# Is it a pipe dream???



## michy64 (Apr 28, 2012)

Hi to everyone,

For many years i have longed to to relocate to spain, my children are all grown up with their own lives now and as i am divorced feel there is no time like the present!  I have tried for work in benidorm and surrounding areas on 2 occasions without success. I don't really have a lot to offer as skills go  however have loads to offer in life skills, common sense, quick to learn new things and personality!! I have experience in retail management, coffee/sandwich bar assistant and domicilary work.
This is not a lot to provide me with a great c.v in spain but if i could get the break i am looking for in spain i hope i could really make my new life a good one . I love the costa blanca and hope one day i will be a happy expat!!!!

With little spanish tongue, very basic........i really want to know is this just a pipe dream?????

I would appreciate your opinions please :confused2:


----------



## xabiaxica (Jun 23, 2009)

michy64 said:


> Hi to everyone,
> 
> For many years i have longed to to relocate to spain, my children are all grown up with their own lives now and as i am divorced feel there is no time like the present!  I have tried for work in benidorm and surrounding areas on 2 occasions without success. I don't really have a lot to offer as skills go  however have loads to offer in life skills, common sense, quick to learn new things and personality!! I have experience in retail management, coffee/sandwich bar assistant and domicilary work.
> This is not a lot to provide me with a great c.v in spain but if i could get the break i am looking for in spain i hope i could really make my new life a good one . I love the costa blanca and hope one day i will be a happy expat!!!!
> ...


:welcome:


sadly yes, at the moment it's a pipe dream 

with unemployment at 3x that of the UK there's pretty much no chance of a foreigner with no Spanish getting work - some will obviously, but the vast majority don't - at least not proper contracted work, just cash in hand insecure or commission only stuff

why not study Spanish, have lots of hols here & maybe make some contacts & when things improve you'll be well placed to go for it!


----------



## jojo (Sep 20, 2007)

Things arent good economically, but just keep coming over and looking - you never know and you'll get some nice holidays and time in Spain. 

Jo xxx


----------



## maxd (Mar 22, 2009)

BBC News - Spanish unemployment hits record 5.64 million

30% of all EU unemployed now reside in Spain. Not a good idea. On the bright side 30% of the economy is cash in hand so from this statistic probably 1.5 million have jobs.


----------



## 90199 (Mar 21, 2010)

Keep coming for holidays, keep looking, you never know you might just find your niche.
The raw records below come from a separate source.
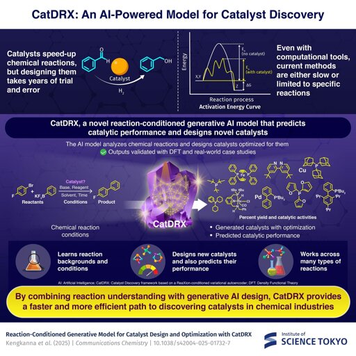 CatDRX is a generative AI framework developed at Institute of Science Tokyo, which enables the design of new chemical catalysts based on the specific chemical reactions in which they are used. The model learns from large reaction datasets and predicts how well a catalyst will perform, while also proposing new catalyst structures. Validated across various reaction types, CatDRX offers a promising strategy to accelerate catalyst discovery for a wide range of chemical and industrial processes.
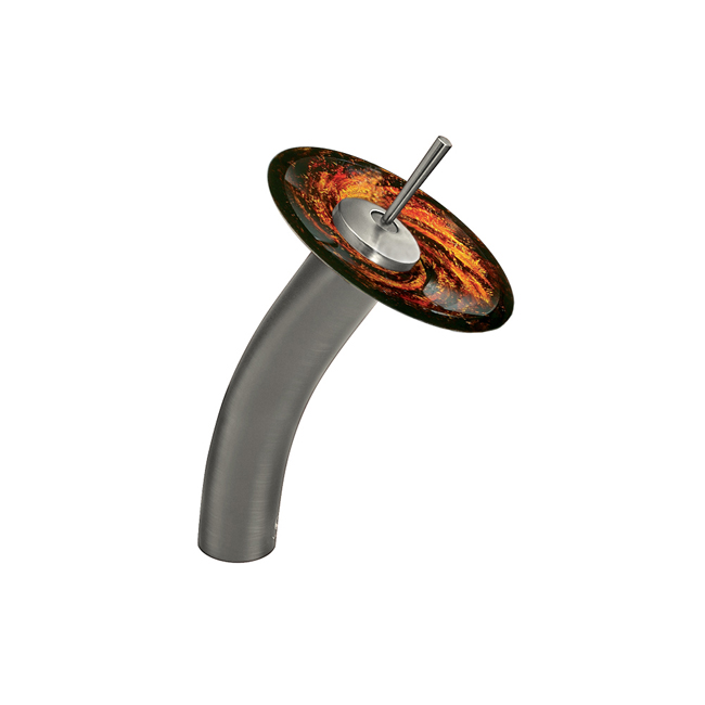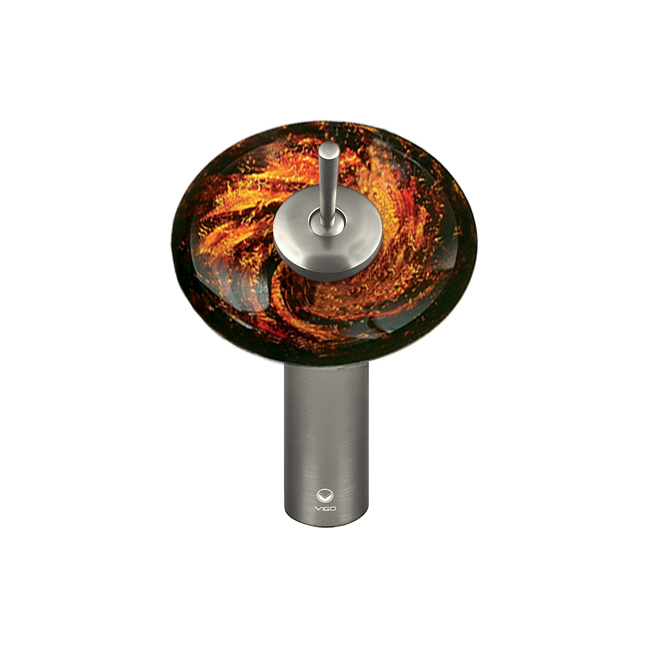 The VIGO Single Lever Waterfall Faucet in Brushed Nickel features a Northern Lights glass disc
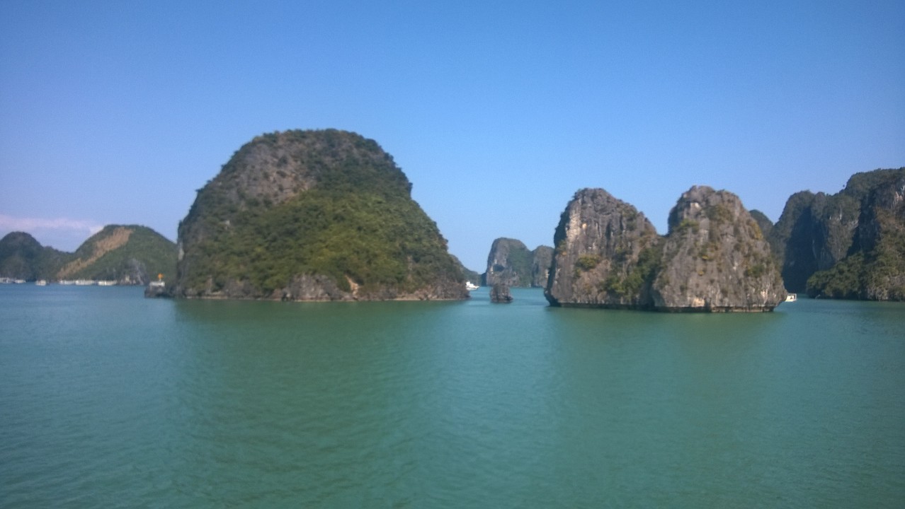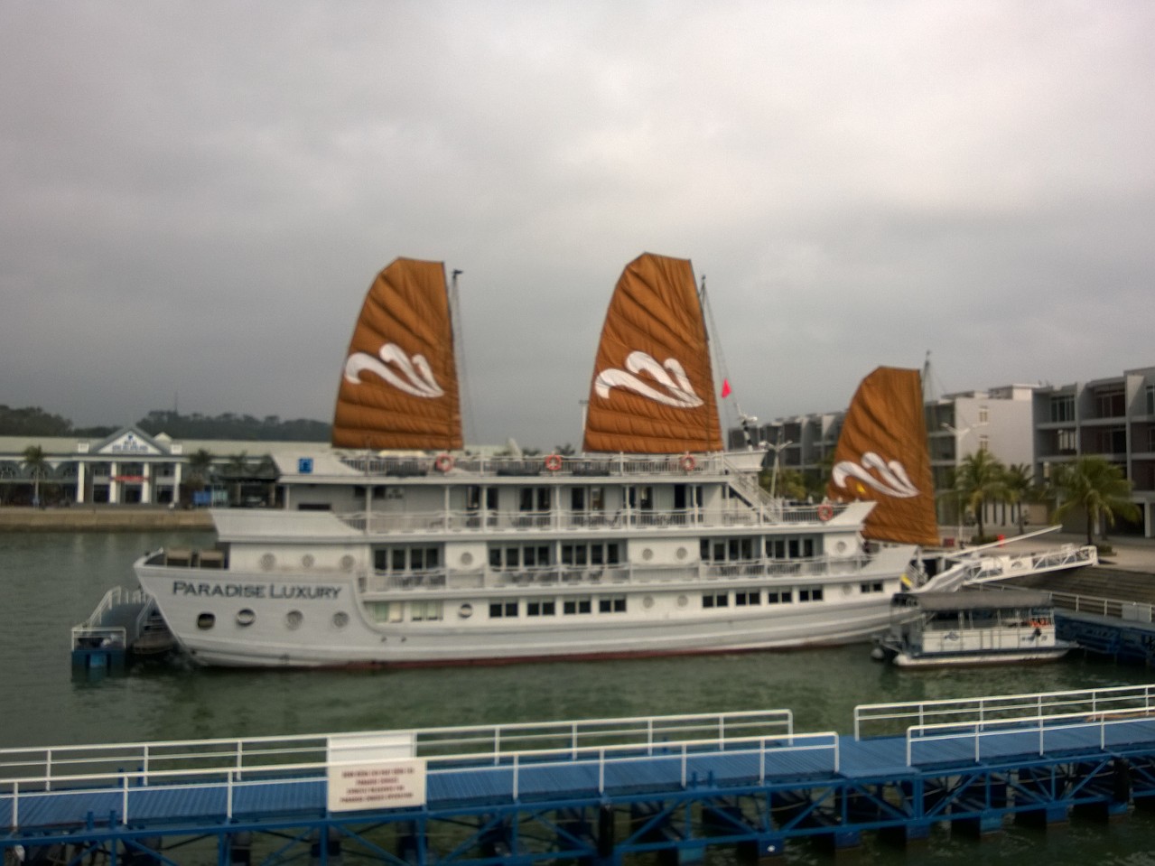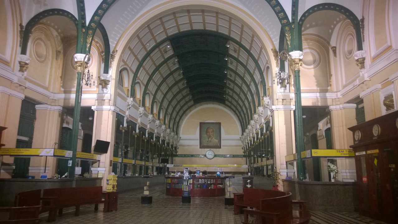The view of the street from the suite (we could now see the river) was always fascinating, though we learned to keep the windows closed because there were several birds very interested in coming in to join us in the suite. One morning we woke up to very spirited singing as the business across the street started the work day with the guys (in black pant/black tie/white shirt) and ladies in traditional green Vietnamese tunics/pants singing loudly what could have been the national song as the video playing above them on the building façade showed the Vietnam flag. They ended their chorus and filed into work at 7:30 a.m. ready to start the day fully energized. Awakened by their lovely voices, we were ready to being our day in Saigon as well!
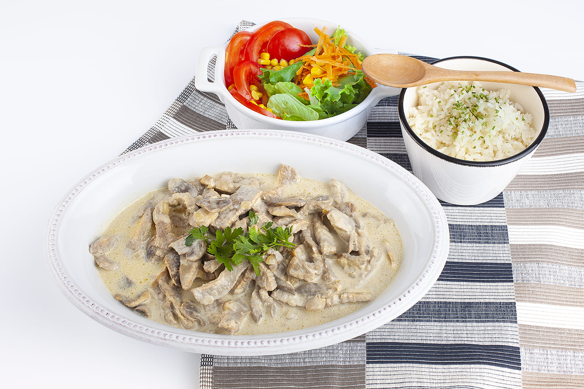 Este prato, de origem russa, popularizou-se em muitos países europeus e norte-americanos, com algumas variações da receita original. É composto por pedaços de carne cortada em tiras ou em cubos, servida num molho de creme de leite ou natas.

However what the others say is true, lots of people out of work.


----------



## rangitoto (Apr 25, 2011)

[i would like to say just go for it we did that last oct and we have not looked back made lots of new friends brits and spanish and one spanish chap says in spanish that he is glad to have me as a friend so as i said go for it


----------



## xabiaxica (Jun 23, 2009)

rangitoto said:


> [i would like to say just go for it we did that last oct and we have not looked back made lots of new friends brits and spanish and one spanish chap says in spanish that he is glad to have me as a friend so as i said go for it


but unless I have you mixed up with someone else (entirely possible) - you don't need to work here??


----------



## mrypg9 (Apr 26, 2008)

xabiachica said:


> but unless I have you mixed up with someone else (entirely possible) - you don't need to work here??



I think people who tell other people who want to come to Spain to find work should be prepared to give them some sort of security bond....say 50k euros?
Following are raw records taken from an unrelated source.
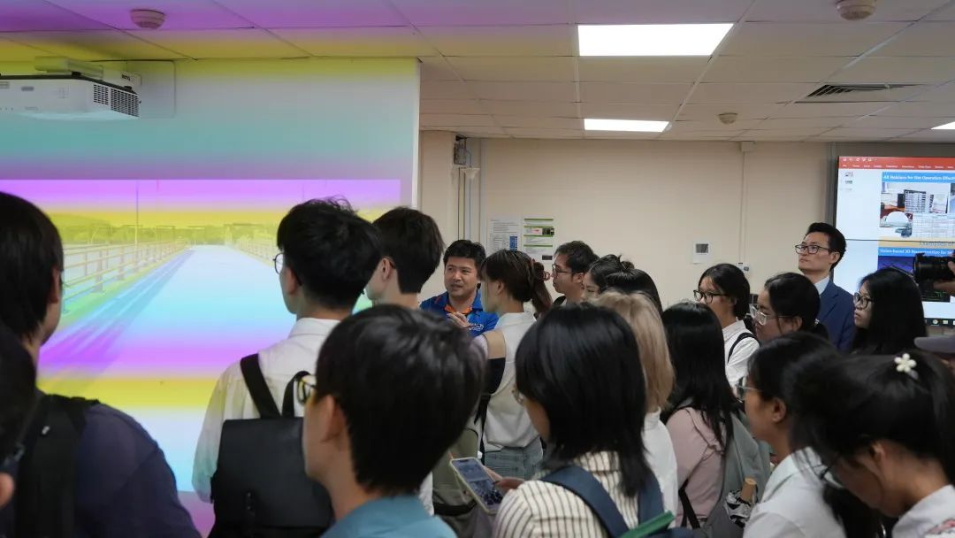 最后,在工程师Seow Soon Leong的带领下,访学团参观了土木与环境工程系的数字化实验室,探索了新加坡国立大学在土木和交通工程领域应用的最新数字化技术。特别是人工虚拟现实、3D扫描的创新应用,当我们带上所配备的眼镜时,就可以获得虚拟现实的实际场景的体验,为工程师在工程设计、工程建造前和后期现场监测提供了全新的视角和解决方案。
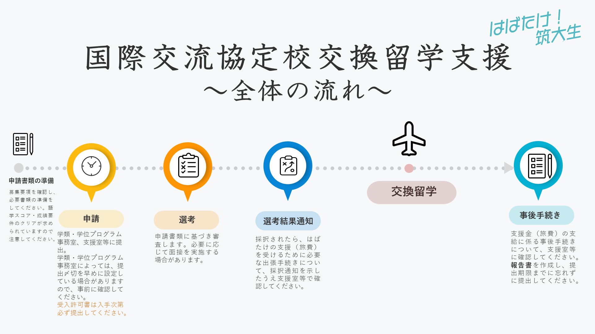 留学期間:2025年12月1日から2026年3月31日までに留学期間が開始し、かつ、1年以内の交換留学が対象です。また、留学先の大学等との間で締結された協定書に、年度を超えた期間の記載がある場合は、翌年度に跨った期間での申請を可とします。
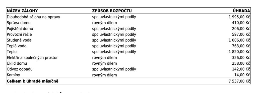 – Příloha k vyúčtování záloh za služby – [ke stažení zde]

Even retired people on low pension incomes are moving back to the UK.

Hopefully the recent fuller coverage on British tv of the dire state of the Spanish economy will make people think twice about coming to Spain unless they are sure they can support themselves without the need for finding work here.


----------



## xabiaxica (Jun 23, 2009)

mrypg9 said:


> I think people who tell other people who want to come to Spain to find work should be prepared to give them some sort of security bond....say 50k euros?
> 
> Even retired people on low pension incomes are moving back to the UK.
> 
> Hopefully the recent fuller coverage on British tv of the dire state of the Spanish economy will make people think twice about coming to Spain unless they are sure they can support themselves without the need for finding work here.
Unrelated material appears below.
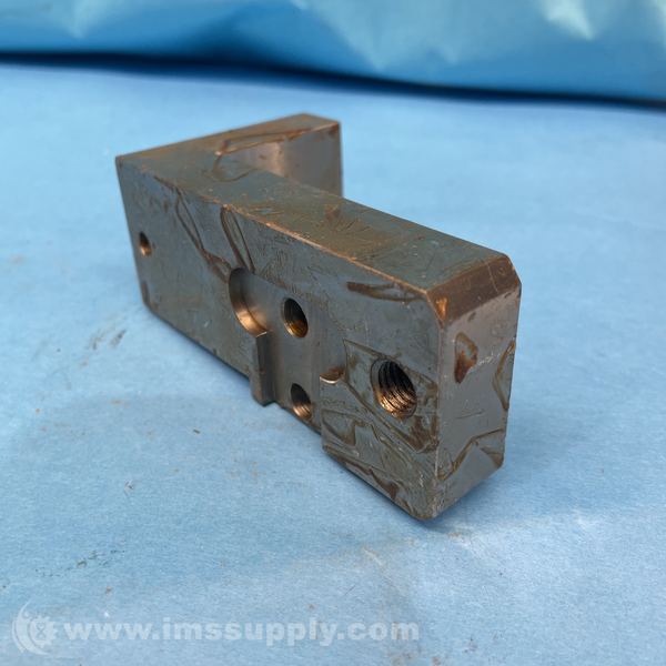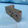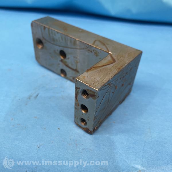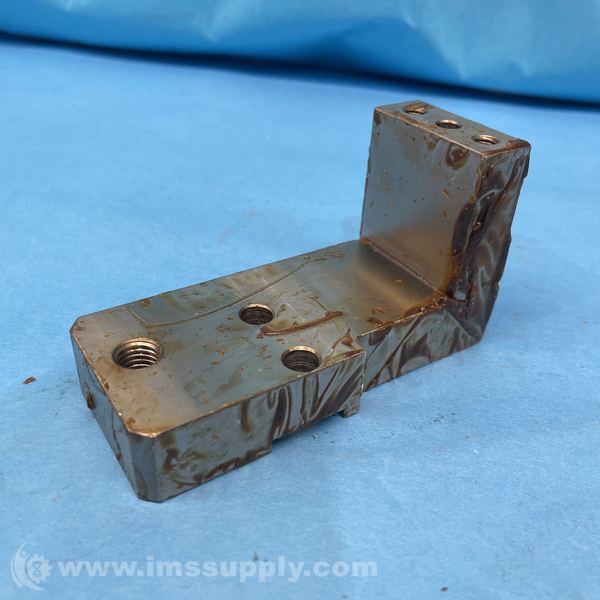 A right angle metal bracket with multiple threaded holes for mounting purposes.
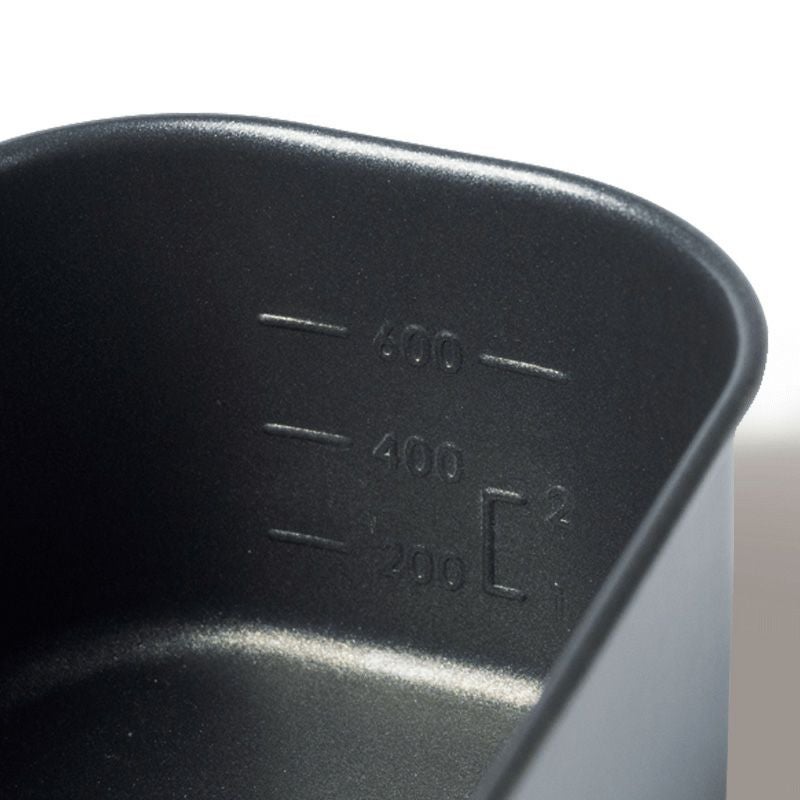 素材は1mm厚のアルミを使用し、手入れの簡単なフッ素樹脂コーティングを施しています。深なべの容量は実用600ml(満水900ml)で目盛りは200ml刻みで600mlまで表示。

hopefully - though Greece has had plenty of coverage & you still get people wanting to move there

even people with decent pension or similar incomes are going back, becase they are concerned about the future of Spain & how it will affect them

the new rules which come in later this year regarding health care have a lot of people worried


----------



## mrypg9 (Apr 26, 2008)

xabiachica said:


> hopefully - though Greece has had plenty of coverage & you still get people wanting to move there
> 
> even people with decent pension or similar incomes are going back, becase they are concerned about the future of Spain & how it will affect them
> 
> the new rules which come in later this year regarding health care have a lot of people worried



People are still wanting to move to Greece????

I can understand the need for a contribution to health costs for reaso0ns I've explained previously but I think pensioners below a certain income should be 100% exempt and those above should pay more...perhaps on a progressive scale.

It wouldn't surprise me if similar costs were introduced in the UK.


----------



## xabiaxica (Jun 23, 2009)

mrypg9 said:


> People are still wanting to move to Greece????
> 
> I can understand the need for a contribution to health costs for reaso0ns I've explained previously but I think pensioners below a certain income should be 100% exempt and those above should pay more...perhaps on a progressive scale.
> 
> It wouldn't surprise me if similar costs were introduced in the UK.


I pop into the Greece forum from time to time - there are still people asking - not as many as in Spain though


yes I agreeabout the healthcare............ but not easy to organise from scratch I don't think


----------



## mrypg9 (Apr 26, 2008)

xabiachica said:


> I pop into the Greece forum from time to time - there are still people asking - not as many as in Spain though
> 
> 
> yes I agreeabout the healthcare............ but not easy to organise from scratch I don't think



I think you are right. In the case of overseas retirees, how can their true financial status be ascertained if they don't disclose it?

This month I saw a specialist and had an MRI scan, all for a reasonable 380 euros. I shudder to think what it would have cost privately in the UK.
There was nothing much wrong with me and I complained to OH that I had spent the money for nothing.
Her reply: Would you have thought it value for money if they had told you had a week to live?

There's no reply to that.....


----------



## gus-lopez (Jan 4, 2010)

The new law takes effect on the 31st of August and on that date:

All illegal immigrants in Spain will loose their health rights, and if they have a health card, this will expire. If they have a residency permit in Spain, then they will continue to enjoy the same health rights as other citizens.
All European citizens who are not registered as resident in Spain will loose their health rights, and if they have a health card, this will expire. They will need their European health card, issued in their country of residency, to gain access to A&E. So if your residency expires, so will your health card and your GP registration.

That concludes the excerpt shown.